= Exercise objective =
Once the pictures are set aside, reproduce all of the records exactly.

= Records from a collection =
━━━

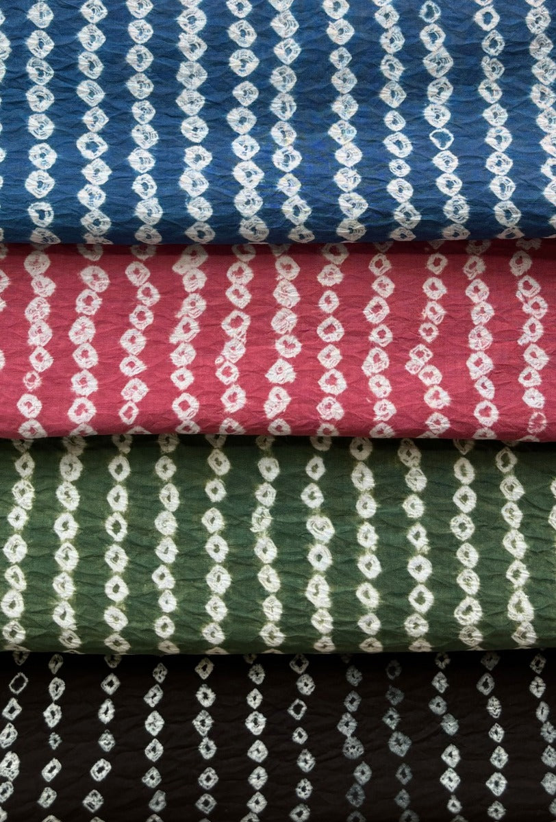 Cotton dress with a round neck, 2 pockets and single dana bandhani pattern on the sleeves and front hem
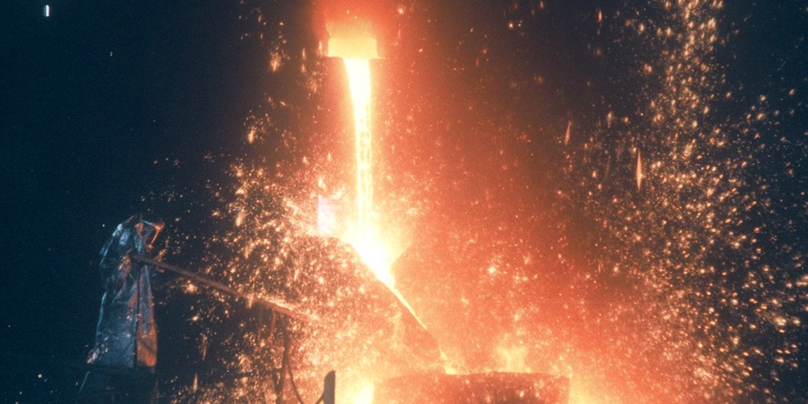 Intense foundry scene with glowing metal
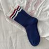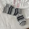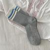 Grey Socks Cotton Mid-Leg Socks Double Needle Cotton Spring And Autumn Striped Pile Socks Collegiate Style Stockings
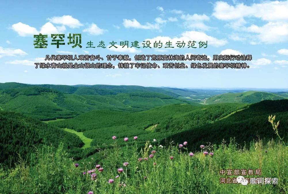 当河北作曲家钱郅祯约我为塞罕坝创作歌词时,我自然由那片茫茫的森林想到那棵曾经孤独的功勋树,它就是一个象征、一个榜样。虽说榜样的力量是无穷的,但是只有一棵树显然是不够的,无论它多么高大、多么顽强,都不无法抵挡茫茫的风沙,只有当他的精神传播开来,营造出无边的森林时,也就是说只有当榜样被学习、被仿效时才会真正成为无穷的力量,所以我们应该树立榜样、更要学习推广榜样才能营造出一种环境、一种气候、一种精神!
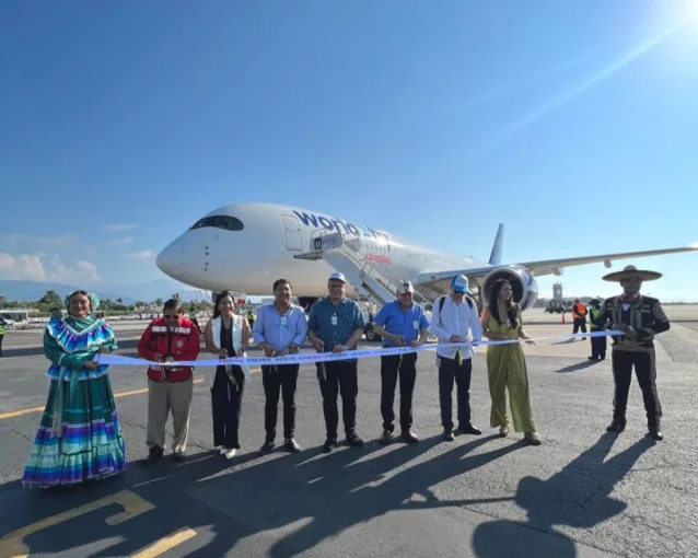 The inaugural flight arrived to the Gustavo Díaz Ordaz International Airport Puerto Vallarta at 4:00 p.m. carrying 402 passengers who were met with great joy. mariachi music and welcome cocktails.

━━━

= Result for this task =
 Cotton dress with a round neck, 2 pockets and single dana bandhani pattern on the sleeves and front hem
 Intense foundry scene with glowing metal
 Grey Socks Cotton Mid-Leg Socks Double Needle Cotton Spring And Autumn Striped Pile Socks Collegiate Style Stockings
 当河北作曲家钱郅祯约我为塞罕坝创作歌词时,我自然由那片茫茫的森林想到那棵曾经孤独的功勋树,它就是一个象征、一个榜样。虽说榜样的力量是无穷的,但是只有一棵树显然是不够的,无论它多么高大、多么顽强,都不无法抵挡茫茫的风沙,只有当他的精神传播开来,营造出无边的森林时,也就是说只有当榜样被学习、被仿效时才会真正成为无穷的力量,所以我们应该树立榜样、更要学习推广榜样才能营造出一种环境、一种气候、一种精神!
 The inaugural flight arrived to the Gustavo Díaz Ordaz International Airport Puerto Vallarta at 4:00 p.m. carrying 402 passengers who were met with great joy. mariachi music and welcome cocktails.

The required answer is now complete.